By that point, Dr. Norback had been dealing with Don's family on a day-to-day basis. He says that he continued to give them news that was couched with, "Well, I don’t think things are still going to go well long range." But after the visit with Karen, Don started to get markedly better over a period of just a day or two. He started recognizing visitors and gesturing when they talked to him. Several days later, doctors removed him from his ventilator. Dr. Norback says that it was a great feeling all around to see him improve that quickly.
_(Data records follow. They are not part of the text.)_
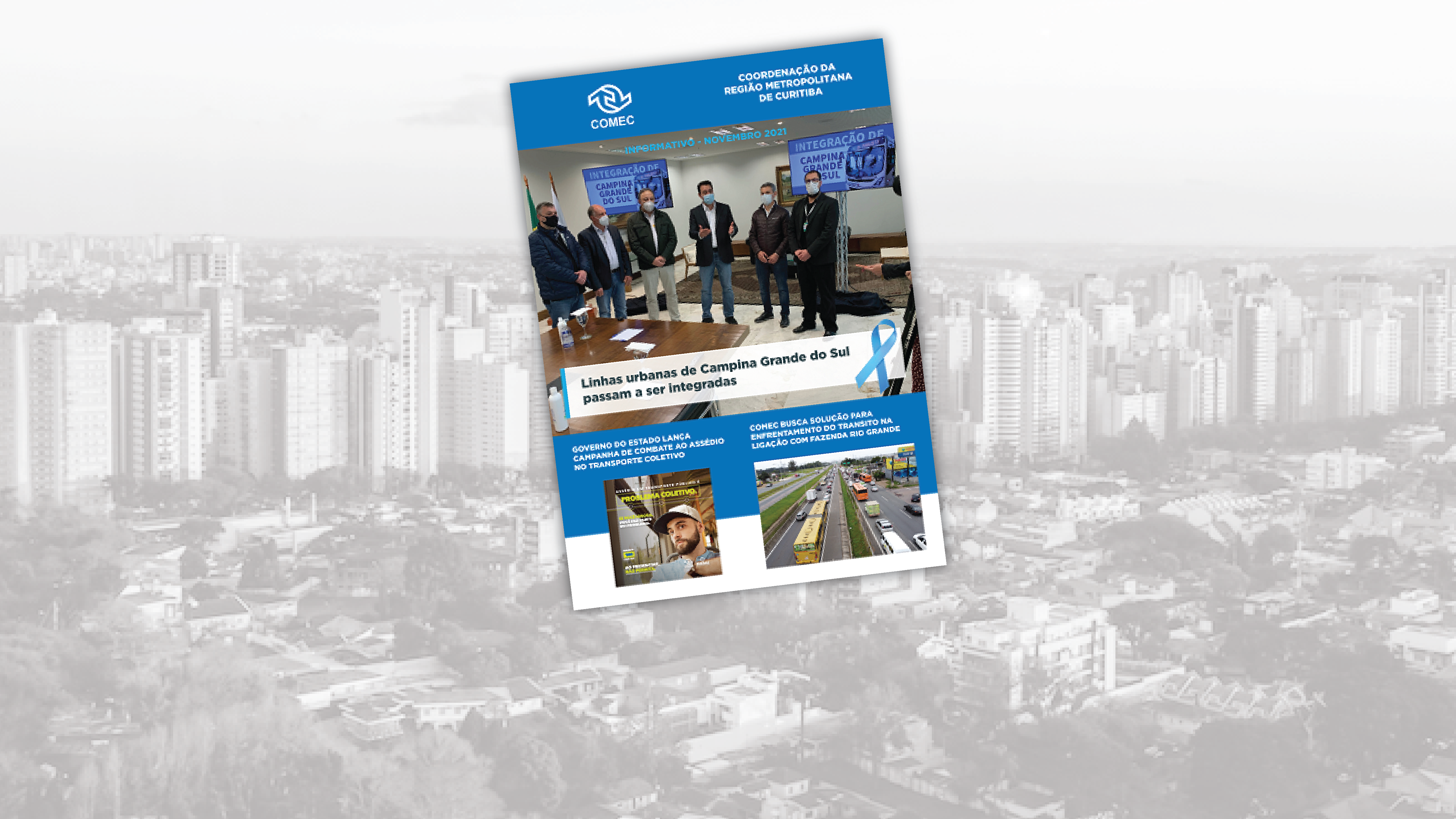O Informativo Comec do mês de Novembro traz como destaques a nova integração das linhas de Campina Grande do Sul ao sistema metropolitano de transporte, o lançamento da campanha contra o assédio dentro do transporte coletivo e os estudos da Comec para melhoria do tráfego entre Fazenda Rio Grande e Curitiba.
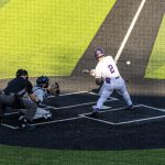 - Grant Watkins, senior infielder from Los Alamos, New Mexico, swings a strike. (Photo by Callie Brimberry)
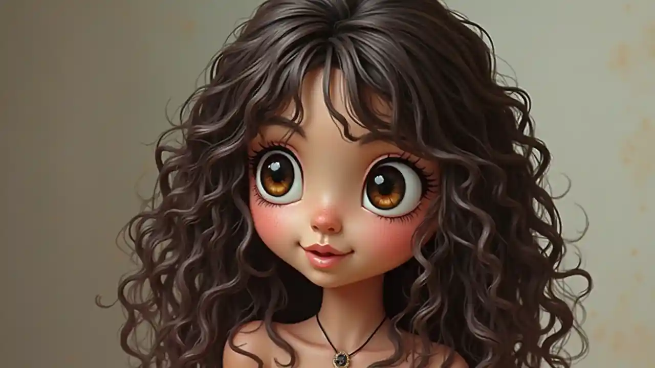 Ein kleines Mädchen mit langen Locken, großen Augen, kleiner Nase, kleinem Mund
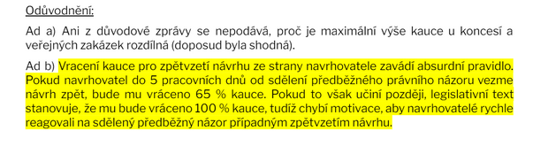 Samotná připomínka Hospodářské komory ČR se přitom jeví jako celkem opodstatněná. Komora poukazuje na riziko vyplývající z nedostatečného nastavení podmínek pro vracení kauce, kdy hrozí, že navrhovatelé nebudu mít motivaci v řízení rychle reagovat.
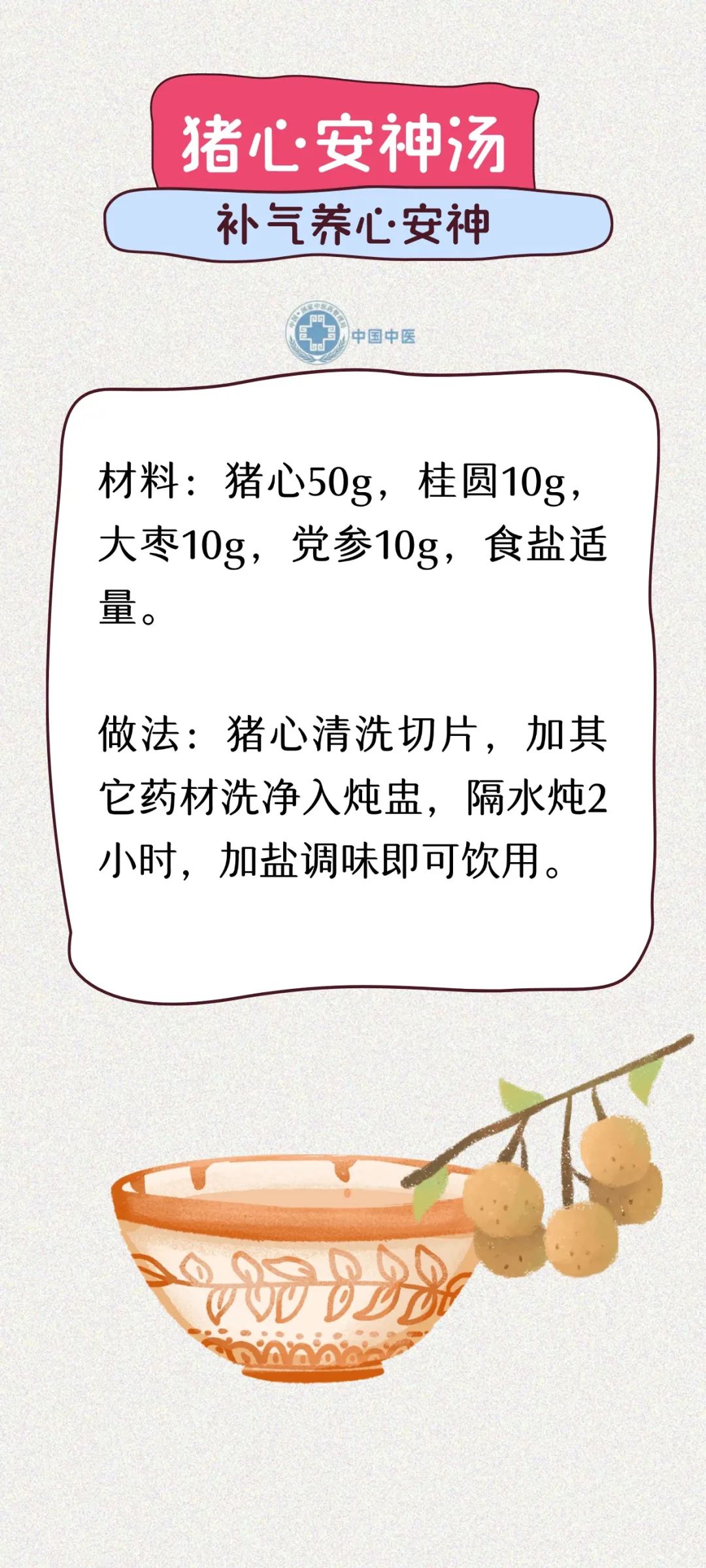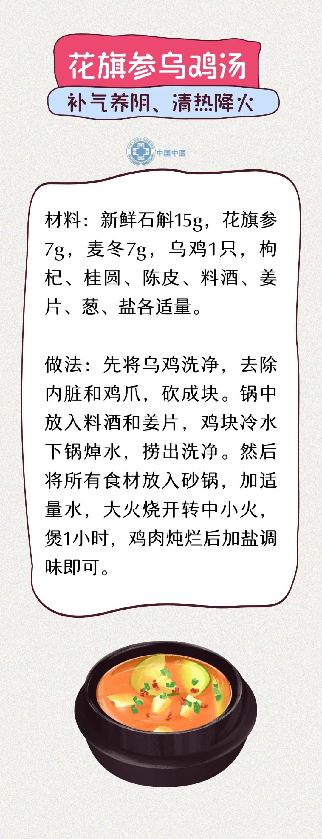 夏季温度逐渐升高,阳气渐旺,雨水也有所增多,湿热开始向人们袭来。此时养生要注意健脾祛湿、养心护心。饮食应清淡,以易消化、富含维生素的食物为主。下面介绍几款健脾利湿、养心安神、补气养阴的养生药膳,以供选用。
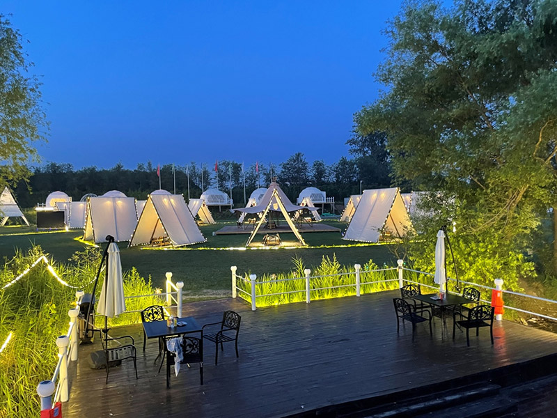 此區(qū)塊位于規(guī)劃地塊的東北角濱水區(qū)塊,該區(qū)塊項目設計意在配合度假酒店,加載精品化的休閑度假項目,打造精品度假體驗。其主要內(nèi)設項目包括垂釣俱樂部、房車營地、篝火廣場、精品帳篷酒店、帳篷餐廳和露天燒烤園等等
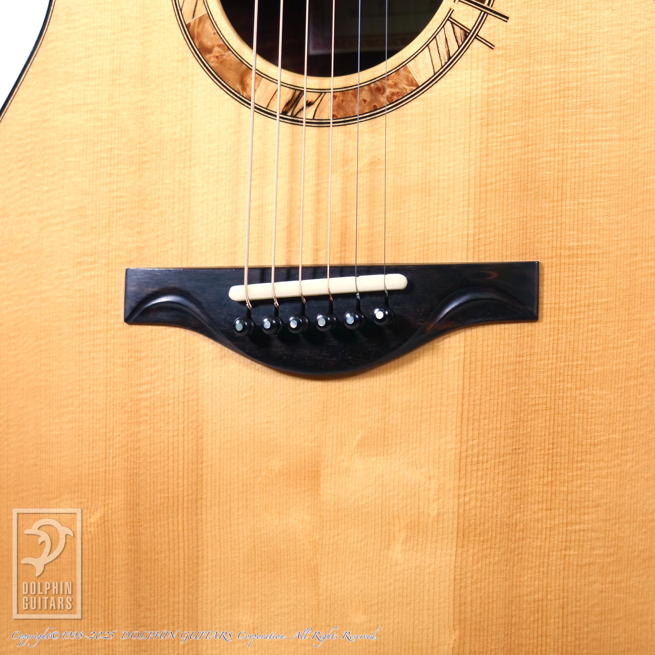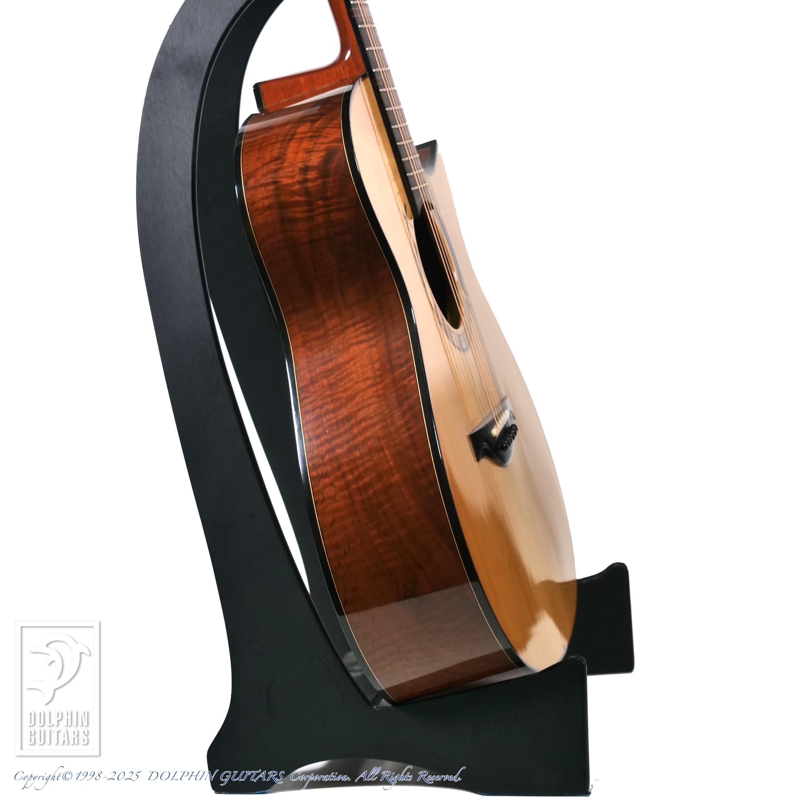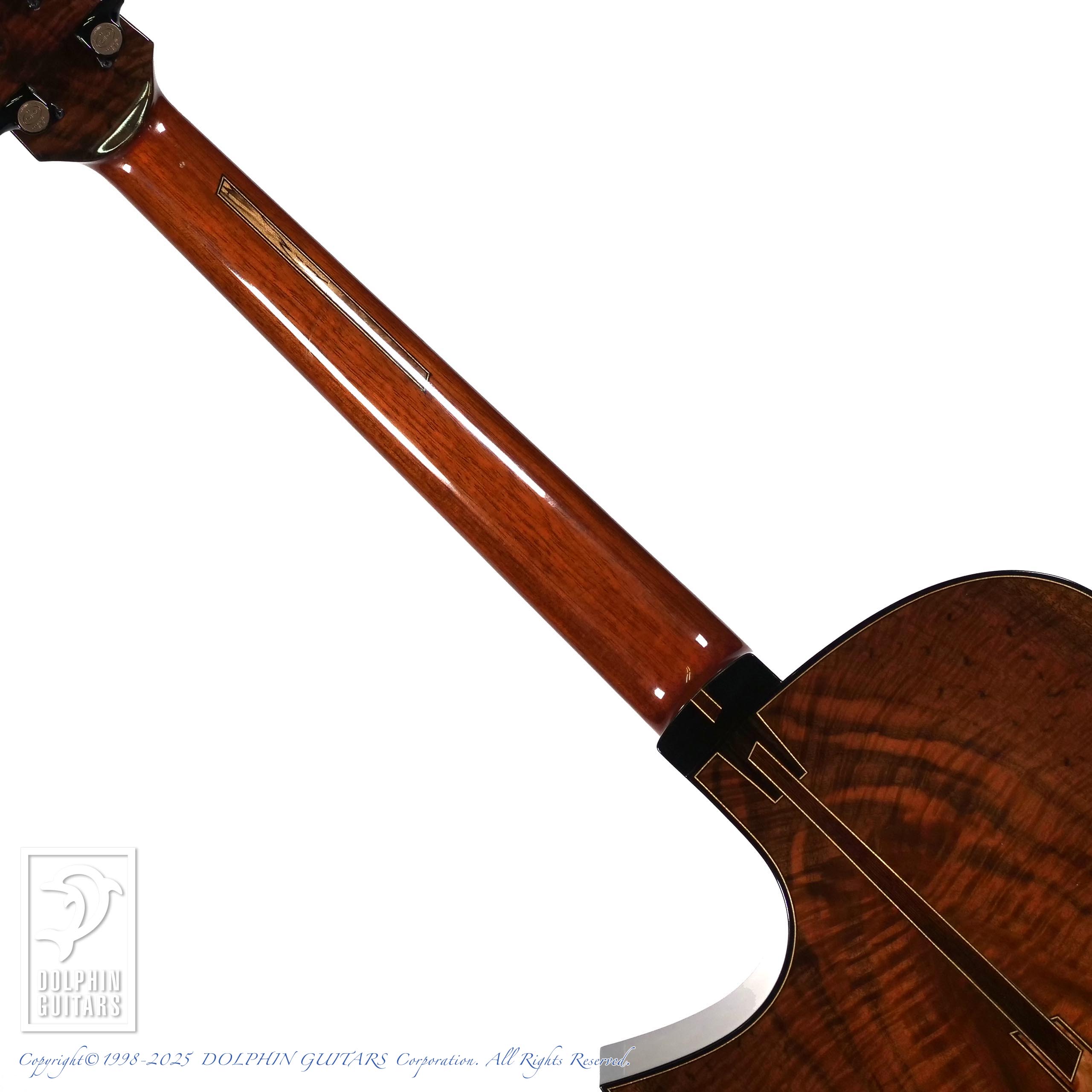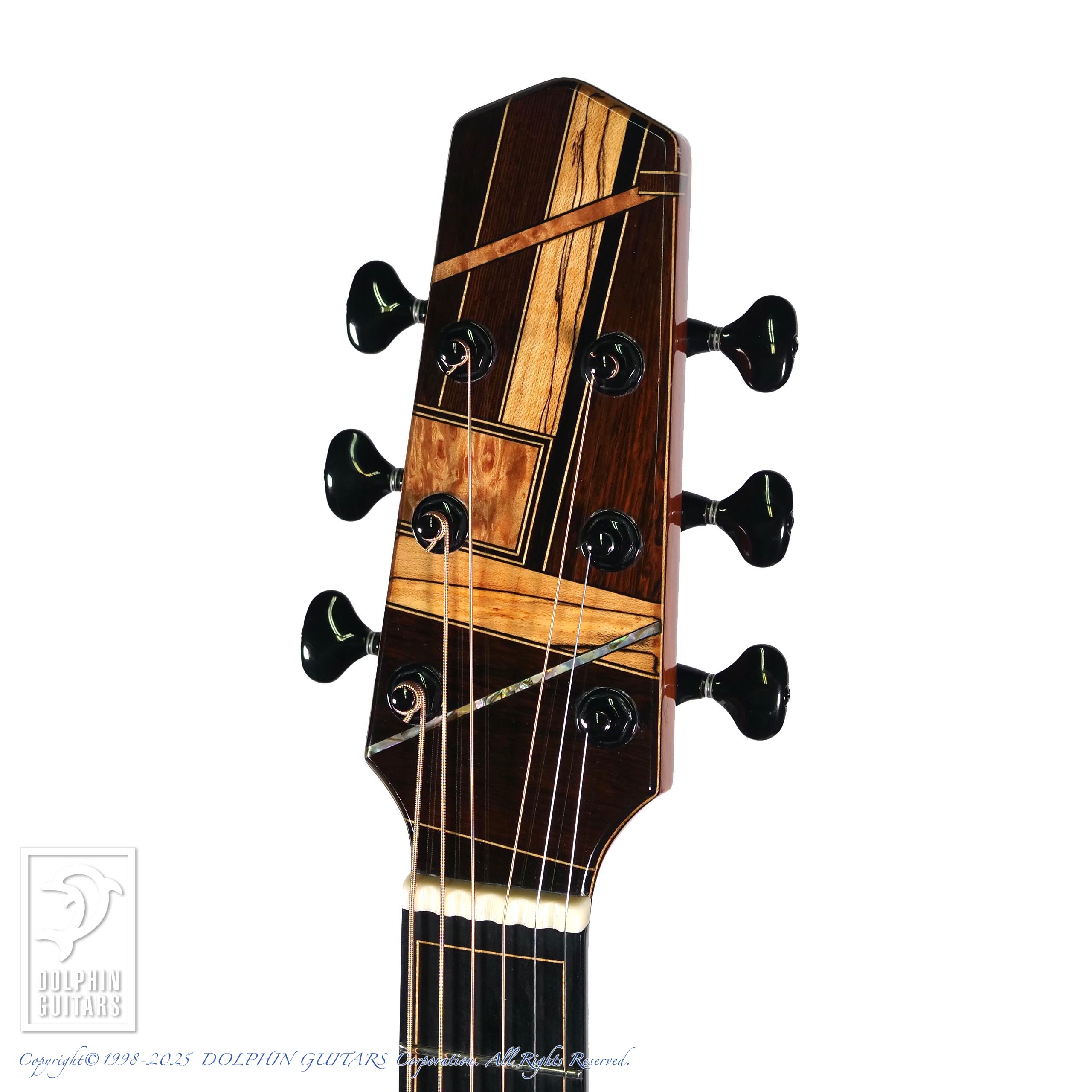 ヘッド、指板、ロゼッタまで、凝った装飾が目を引くモデル。モダンなフィンガースタイルギターを意識してか、OMシェイプのボディはボトム部で112mmのディープ仕様となっております。

On December 14, shortly before Christmas, Don awoke from his coma. His sister Ruth's only wish for the holidays was that he call her and wish her a Merry Christmas. On Christmas Eve, he was able to do just that. In four weeks, he made the miraculous journey from being brain death to walking out of the hospital on crutches. Within six months, he threw them away. The doctors and his family were united in the awesome feeling that they had witnessed a wonderful and mysterious event. Dr. Norback says that this case was a very memorable one. He says that doctors love being wrong in situations like Don's. He says that it sort of "balances the ledger" for all of the other cases where things do not quite go as well.
Dr. Gardner believes that Don's survival was a miracle. Don said that the doctors do not know why he lived. He thinks that God had a reason for him to stay on Earth, and that He helped him pull through. Twenty months after his accident, he and Donna were married. Every day, he feels awe. He no longer takes life's joys or life itself for granted.
Extra Notes: This case first aired on the November 15, 1989 episode.
Results: Unsolved. Don and Donna have since had two daughters named Emily and Melissa. Fortunately, other than some memory loss and issues with his injured leg, he has had little impairment.